Callminer received CIA In-Q-Tel funding described by this PR release:
http://www.in-q-tel.com/news/releases/02_08_05.html

Recently Comcast bought CallMiner software:

http://www.callminer.com/news.html

"The US communications provider Comcast Corporation has appointed speech analytics software firm CallMiner to deploy its Virtual Server Room distributed processing platform to analyse every recorded call to Comcast's Midwest call centre."

Nexidia is a competitor of Callminer selling call mining software to business and government. http://www.nexidia.com/ A former head NSA is on the board.

There is no mention of anything that I have researched about any anonymizers to detach customer identity from what is recorded except a single hit in relation to a product by Nohold. Perhaps this is an independent responsibility of the company that buys it.

Business is recording and mining customer calls with no legal problems. Can the government also do that when anyone calls them? It is hard to know what the government is doing. Business however is wide open for research in this area. Business marketing of call mining are a rich source of info on exactly what it is and how it is used.

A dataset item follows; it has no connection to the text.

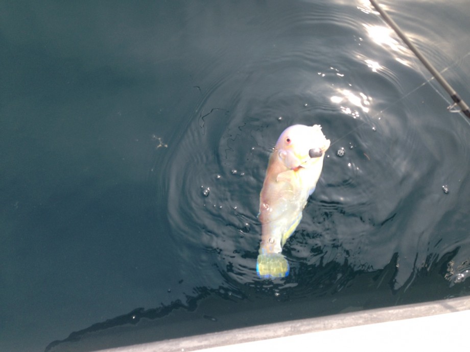 仕方ないので、とにかくこれまで実績の高いブレイク沿いに無理矢理修正舵入れながら流すも・・・釣れるのはホゴやらイラのみ。ホゴはすげー高活性!しかし、ホゴが高活性な時は、鯛も活性高いもの、みつけさえできれば釣れるはず・・・と意地になって探します。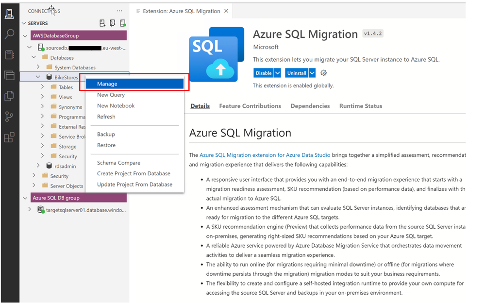 In this blog post, I will demonstrate how to use the Azure Migration extension of Azure Data Studio to migrate AWS RDS SQL Server database to Azure SQL Database offline.

CallCenter is an online magazine for the industry and provide some interesting reading.
http://www.callcentermagazine.com/

Call mining companies have multiple links to NSA.

Still researching. Any assistance appreciated. Call mining conducted by business seems to have gotten little attention as a privacy issue. Certainly less than the government has gotten for what it is suspected of doing and business is actually doing.

When you consider that business information about a customer can be shared with "affiliated businesses" the conclusions are less than reassuring that privacy in communications is being respected and protected.